» EXERCISE INPUT:

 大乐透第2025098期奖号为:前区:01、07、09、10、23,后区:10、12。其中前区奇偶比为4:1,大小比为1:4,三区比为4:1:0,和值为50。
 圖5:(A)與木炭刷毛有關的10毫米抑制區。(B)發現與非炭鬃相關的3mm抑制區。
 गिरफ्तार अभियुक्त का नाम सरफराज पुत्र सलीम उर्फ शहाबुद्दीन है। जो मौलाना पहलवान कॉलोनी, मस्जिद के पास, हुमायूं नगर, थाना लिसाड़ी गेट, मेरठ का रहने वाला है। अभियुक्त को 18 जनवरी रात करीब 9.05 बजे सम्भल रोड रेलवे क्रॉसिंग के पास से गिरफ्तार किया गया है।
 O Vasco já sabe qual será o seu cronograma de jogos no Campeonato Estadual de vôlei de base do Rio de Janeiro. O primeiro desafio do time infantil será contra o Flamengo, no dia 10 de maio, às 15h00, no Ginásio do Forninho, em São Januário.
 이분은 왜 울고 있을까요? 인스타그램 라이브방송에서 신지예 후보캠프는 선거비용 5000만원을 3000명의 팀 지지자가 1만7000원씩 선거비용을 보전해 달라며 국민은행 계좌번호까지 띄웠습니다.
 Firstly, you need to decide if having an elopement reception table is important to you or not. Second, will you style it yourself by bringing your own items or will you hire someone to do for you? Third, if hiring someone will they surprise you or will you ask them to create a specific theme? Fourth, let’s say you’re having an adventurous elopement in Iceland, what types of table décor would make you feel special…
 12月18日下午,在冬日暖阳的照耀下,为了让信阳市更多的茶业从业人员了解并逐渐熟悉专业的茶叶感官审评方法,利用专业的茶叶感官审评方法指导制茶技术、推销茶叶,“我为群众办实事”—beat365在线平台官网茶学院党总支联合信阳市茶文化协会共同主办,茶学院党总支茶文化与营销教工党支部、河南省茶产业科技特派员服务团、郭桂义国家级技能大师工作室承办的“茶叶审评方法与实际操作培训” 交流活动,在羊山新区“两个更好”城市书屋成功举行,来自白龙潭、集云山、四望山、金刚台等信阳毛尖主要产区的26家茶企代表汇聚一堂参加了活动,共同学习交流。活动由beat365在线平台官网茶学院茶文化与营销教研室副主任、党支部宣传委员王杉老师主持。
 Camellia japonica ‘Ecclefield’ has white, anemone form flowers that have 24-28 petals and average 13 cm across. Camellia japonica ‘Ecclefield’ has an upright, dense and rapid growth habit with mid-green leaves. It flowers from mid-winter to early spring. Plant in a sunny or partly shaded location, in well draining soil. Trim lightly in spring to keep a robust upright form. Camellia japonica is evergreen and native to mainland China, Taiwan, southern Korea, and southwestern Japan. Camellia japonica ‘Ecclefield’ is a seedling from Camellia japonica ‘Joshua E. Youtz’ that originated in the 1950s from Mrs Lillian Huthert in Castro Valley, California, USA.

...

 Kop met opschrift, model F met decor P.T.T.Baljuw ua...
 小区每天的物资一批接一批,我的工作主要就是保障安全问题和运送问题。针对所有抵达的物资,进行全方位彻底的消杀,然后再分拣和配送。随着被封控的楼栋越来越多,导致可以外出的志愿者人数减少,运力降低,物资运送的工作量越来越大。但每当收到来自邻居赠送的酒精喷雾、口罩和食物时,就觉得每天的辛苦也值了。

---

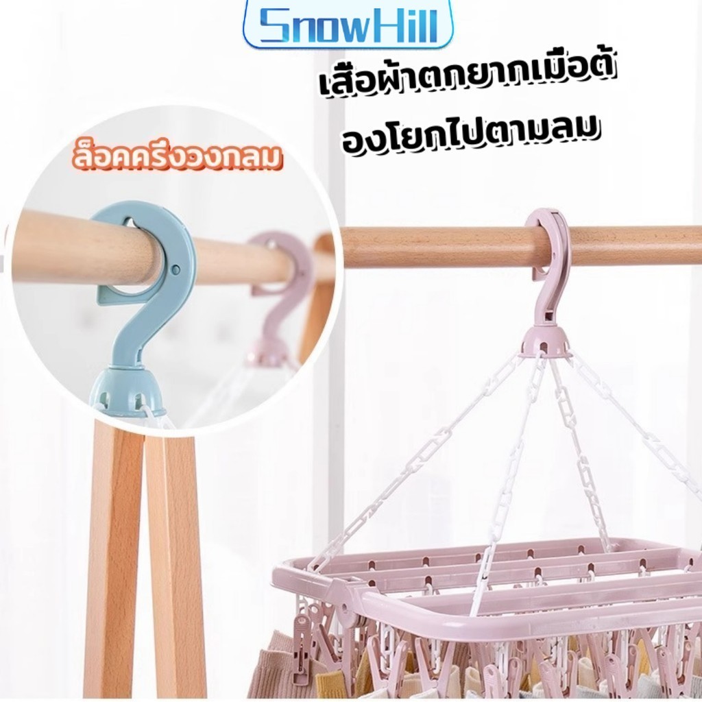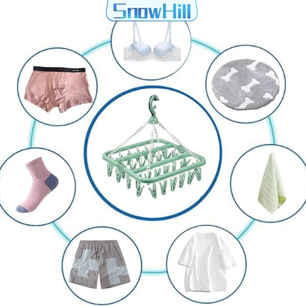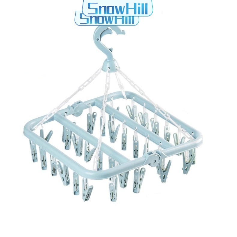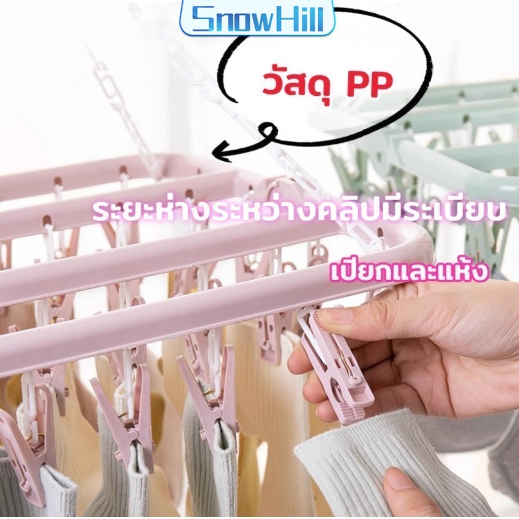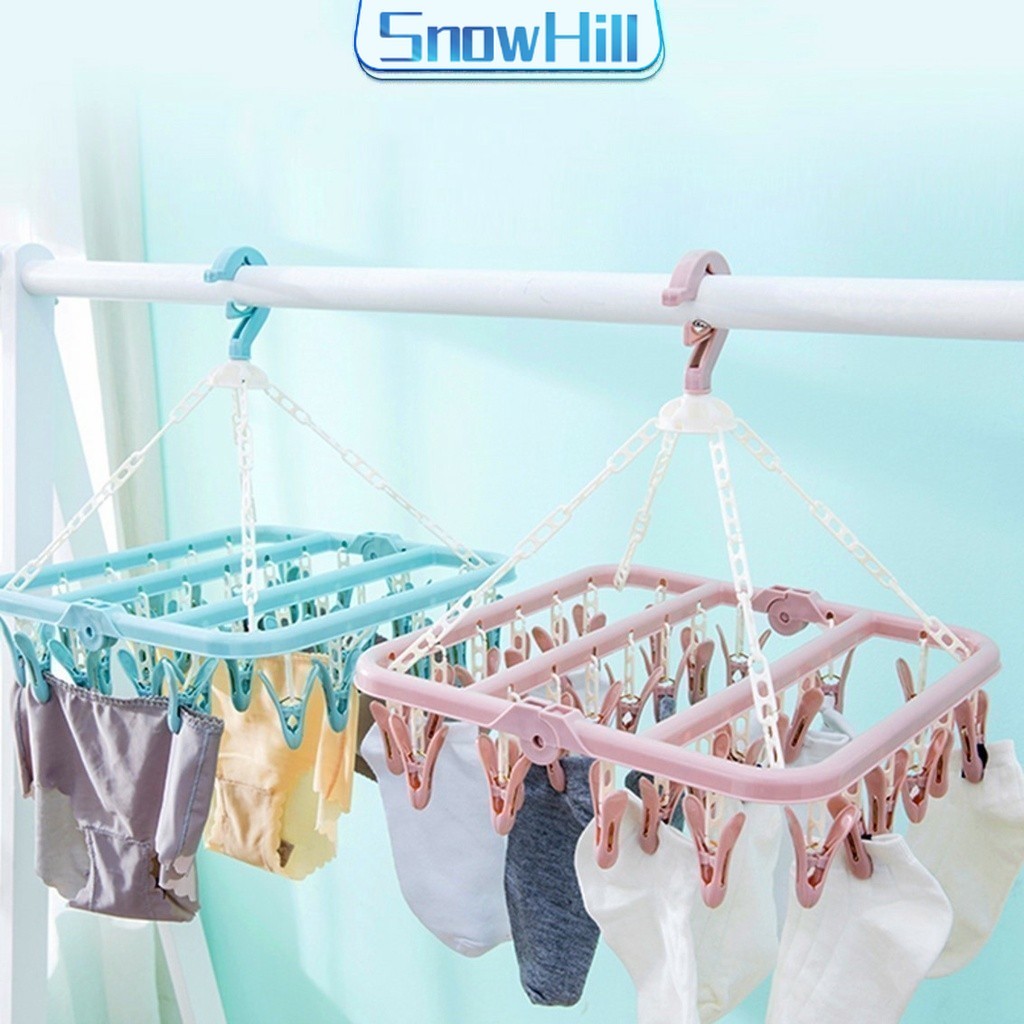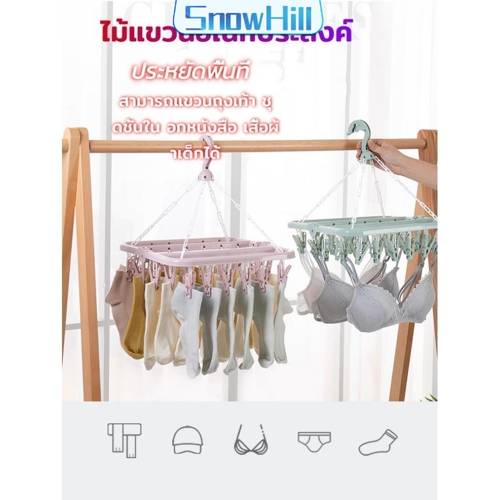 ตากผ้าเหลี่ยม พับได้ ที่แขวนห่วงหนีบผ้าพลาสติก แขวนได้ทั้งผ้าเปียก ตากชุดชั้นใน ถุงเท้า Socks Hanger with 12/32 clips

» ASSIGNED TASK: Using the listing above, return word for word each line from the one that has "大乐透第2025098期奖号" through the one that has "圖5:(A)與木炭刷毛有關的", and no line outside that range.

» EXERCISE SOLUTION:
 大乐透第2025098期奖号为:前区:01、07、09、10、23,后区:10、12。其中前区奇偶比为4:1,大小比为1:4,三区比为4:1:0,和值为50。
 圖5:(A)與木炭刷毛有關的10毫米抑制區。(B)發現與非炭鬃相關的3mm抑制區。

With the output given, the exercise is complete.